Hujan Desember
Tak seperti alam yang tahu kapan uap air harus bergerak meninggi menjadi gumpalan awan, dan kapan harus turun menjadi curah hujan, elit negeri ini hanya ingat cara naik, namun lupa rela turun. Bila saatnya turun, hujan jatuh memberi berkah pada segala makhluk tanpa kecuali. Jika terpaksa turun, elit negeri cuma mau memberkati sanak-saudaranya untuk naik.
Oleh : Yudi Latif
JERNIH– Saudaraku, entah mengapa, saat wanci memasuki bulan berakhiran “ber”, terlebih Desember, curah hujan kembali mengguyur. Katanya, alam sudah berubah. Tapi, sekacau balaunya alam, hujan tak pernah lupa turun.
Di bulan Desember ini, mendinginnya cuaca negeri dihangatkan oleh tensi kontestasi. Kembalinya musim pemilihan ini sungguh kontras dengan kosmos alam. Tertib politik di negeri ini baru berjalan beberapa putaran, arus balik centang perenang kembali pasang.
Tak seperti alam yang tahu kapan uap air harus bergerak meninggi menjadi gumpalan awan, dan kapan harus turun menjadi curah hujan, elit negeri ini hanya ingat cara naik, namun lupa rela turun.
Bila saatnya turun, hujan jatuh memberi berkah pada segala makhluk tanpa kecuali. Jika terpaksa turun, elit negeri cuma mau memberkati sanak-saudaranya untuk naik.

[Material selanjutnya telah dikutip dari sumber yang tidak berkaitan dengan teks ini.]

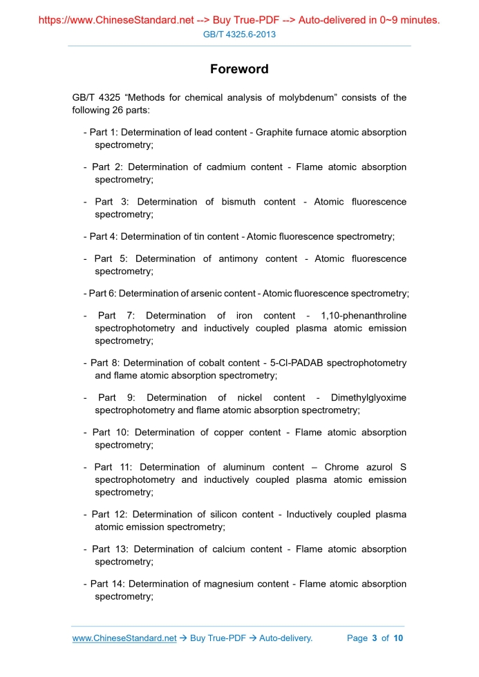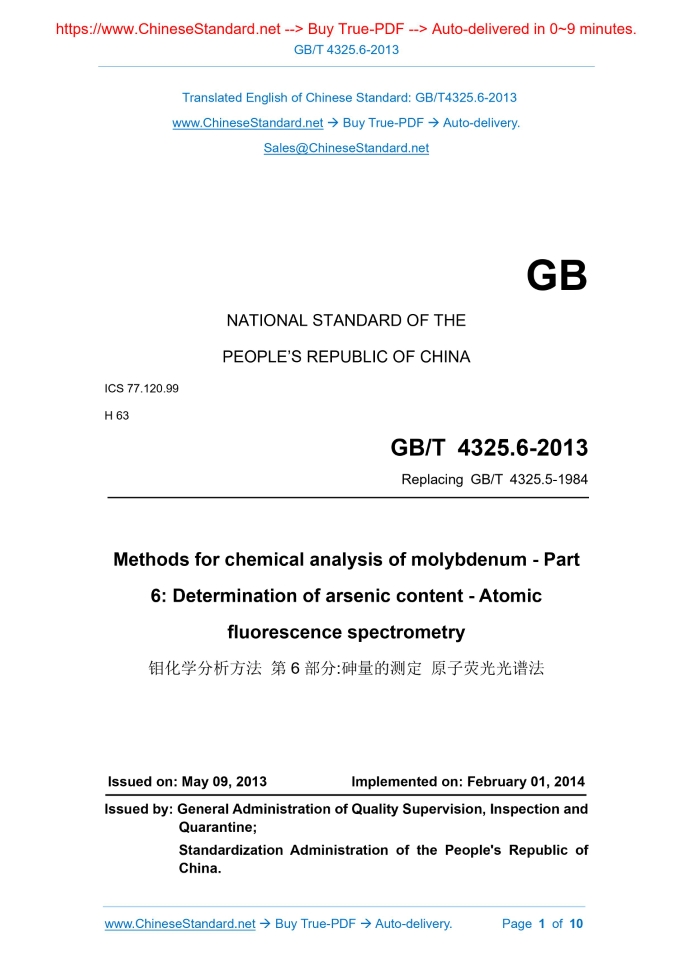 GB/T 4325.6-2013: Methods for chemical analysis of molybdenum - Part 6: Determination of arsenic content - Atomic fluorescence spectrometry Delivery: 9 seconds. True-PDF full-copy in English & invoice will be downloaded + auto-delivered via email. See step-by-step procedure Status: Valid GB/T 4325.6: Historical versions

Setiap Desember tiba, butir hujan mengingatkanku ke hulu kenangan dan menghanyutkanku ke hilir impian nan jauh. Tertib hukum alam memberi pelajaran bahwa setiap kita adalah penumpang perahu penghubung, yang mengantarkan manusia berjelajah dari hulu masa lalu ke samudera masa depan, melalui aliran sungai masa kini.
Di sepanjang perlintasan sungai sejarah itu, mitra keberadaan kita bukan hanya sesama penumpang perahu saat ini, tetapi juga leluhur di masa lalu dan keturunan di masa datang.
Setiap orang adalah mata rantai penghubung berkah bagi kesinambungan dan penyempurnaan kehidupan. Setiap mata rantai harus ingat bahwa hidup ini pendek, sedang kehidupan itu panjang. Maka, janganlah demi penghidupan, kita korbankan kehidupan. [ ]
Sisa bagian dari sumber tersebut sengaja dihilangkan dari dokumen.